There are no Ice Lake 45w chips - unless you want to go backwards to a 28w quad-core with relatively low clock speeds (a lot of the 28w is GPU), you're stuck with 14nm++++ in the MBP 15" or 16" (as is every user of high-end 15"+ notebooks from any vendor). Not only that, but the next generation at 45w (mid-2020) is Comet Lake (14nm+++++), and it's even possible that the mid-2021 generation will be Rocket Lake (14nm++++++). Desktop chips aren't expected to see 10nm until late 2021 or early 2022, since they have to go through both Comet Lake and Rocket Lake first, and Comet Lake is clearly on the roadmap for the 45w notebook chips with Rocket Lake possible.
As for the price (it's not going to start anywhere near $8k by the way - under $3500 for a nicely configured model (something like i9/16/1TB/Vega 20) - extra $200 for 32 GB RAM), all the 15" slim workstation notebooks can get very expensive with lots of RAM and storage.
Many of the others do start under $2000, because they're available with quad-core i5s, or with 1920x1080 screens, or with 8 GB of RAM. Getting the latest HP zBook Studio up to the specs the upper-end MBP can reach is around $6000 with 4 TB of storage and 32 GB of RAM (same i9-9980HK as the Mac, NVidia Quadro P2000 that is substantially slower than the Vega 20). It can have 64 GB of RAM, and that's $6600. The Lenovo P1 is about $500-$1000 more expensive in the same configuration (also goes to 64 GB of RAM). Both HP and Lenovo offer dual SSD slots, but the only way to 4 TB is 2x2TB, so both slots are full.
The best deal is the Dell Precision 5540, which reaches about $4300, but with only 2 TB of fast SSD - the only further expansion option is SATA, and Dell only offers spinning drives for that slot, although a user could put in a SATA SSD themselves. It's almost exactly the same price as the 15" MacBook Pro, but without the expensive option to go to 4 TB.
No matter what configuration you choose, if they can reach a comparable configuration, the Mac will be cheaper than a Lenovo P1, a little cheaper than a ZBook Studio, and within $100-$200 of a Dell 5540. You can get the others cheaper, but only by omitting things that are standard on the Mac.
Don't compare the MacBook Pro to 6-8 lb gaming machines with cheap displays - they can have the same CPU and comparable or better GPUs for less money - but they aren't anywhere near as usable outside of games. The Razer Blade is a different story, but that's well into the MBP 15" price range, and has lousy storage options - 512GB is the top option - you can have a GeForce RTX 2080 and a 4K OLED (!!!) screen, but you get a 512GB SSD with that... Their new Studio models will probably fix that, but expect to pay...
Where Apple can be criticized on price isn't that their high-end configurations are too expensive - they're close to parity with Dell (with one extra odd option), slightly cheaper than HP and substantially cheaper than Lenovo.

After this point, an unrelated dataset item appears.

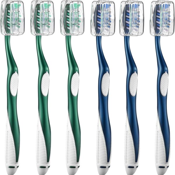 Firm Toothbrushes with Covers for Adults, Cross Hard Bristles, with Built in Tongue Scraper, 6 Count

They offer different tradeoffs than Razer, but comparable pricing. It's that they offer no entry to a notebook with a screen larger than 13" under $2299. Anyone else will sell you an upper-midrange 15" notebook with either a 6-core CPU but integrated graphics or a quad-core with a low-end discrete GPU (and a decent screen) in the $1500-$2000 range.

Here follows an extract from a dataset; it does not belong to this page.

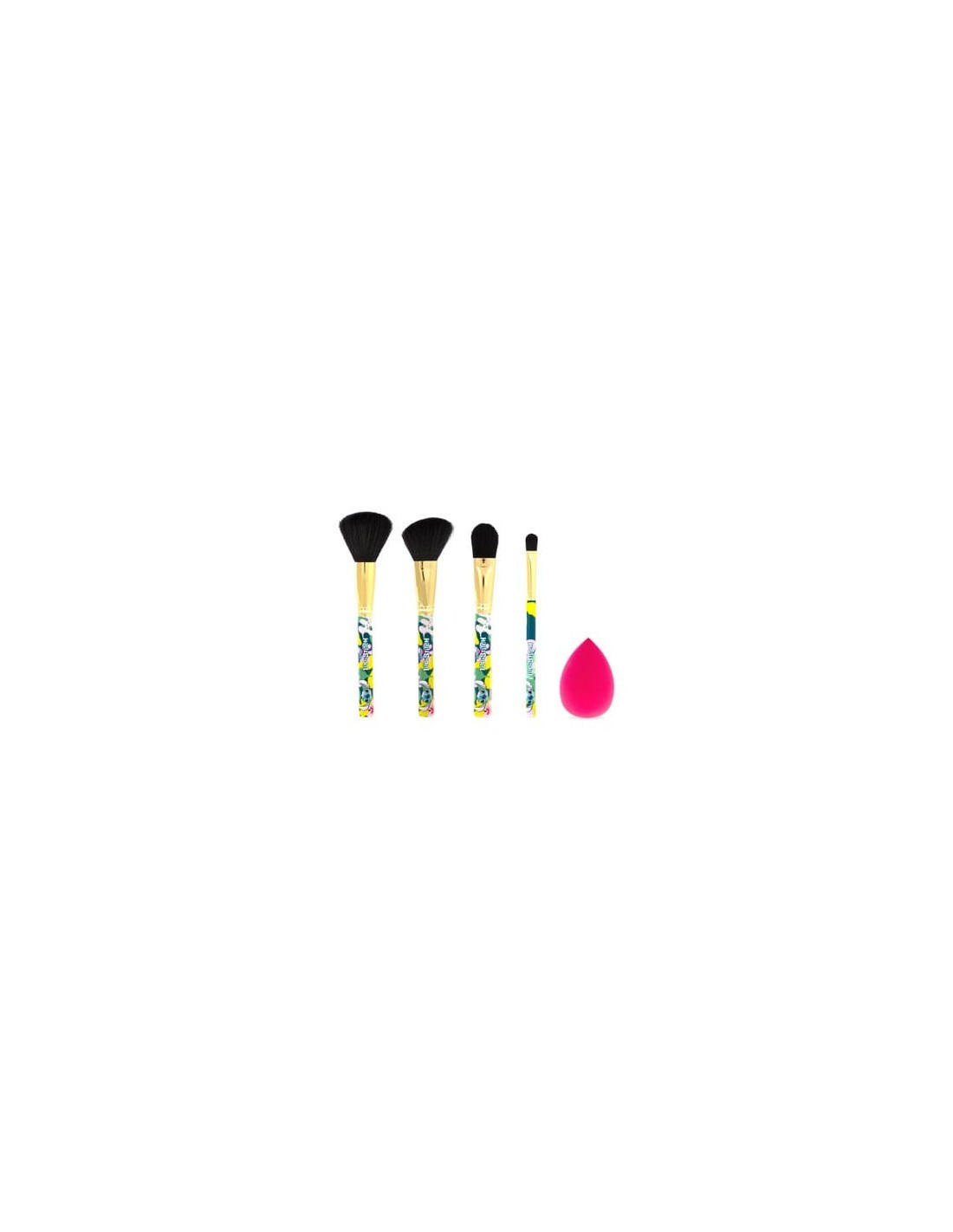 Set de Brochas de Maquillaje que viene con tres brochas de rostro y una para ojos y una esponja de maquillaje. Las brochas tienen un mango con detalles de Stitch.

I suspect Apple's response to this problem (if they're not simply blind to it) will be to release a 15" MacBook Air (or maybe they'll call it a 15" MacBook). Even thinner and lighter than the Pro (3-3.5 lbs), 28W Ice Lake quad-core with decent integrated GPU, starts at $1999 (maybe they'll give up some integrated GPU performance and use a 15-25 W Ice Lake CPU in a $1699-$1799 model). Base configuration is something like 16/256 if it's $1999, maybe 8/256 at $1699.
When that comes out, the 15" Pro goes away, and the base 16" Pro is something like $2499 or $2599. The 16" Pro this fall is not going to be that base model - it's going to be a generously configured ~$3299 and up model, with the 15" Pro remaining as the option below that until next Spring/Summer. The 16" will probably top out around $6000 (9980HK/64GB/4TB/Vega 20 (or better)) - unless they offer an 8TB storage option, which could create the mythical $8K notebook - but it would be something like a $5200 notebook maxed out in every way except storage (9980HK/64GB/2TB/Vega 20) with a $2800 SSD!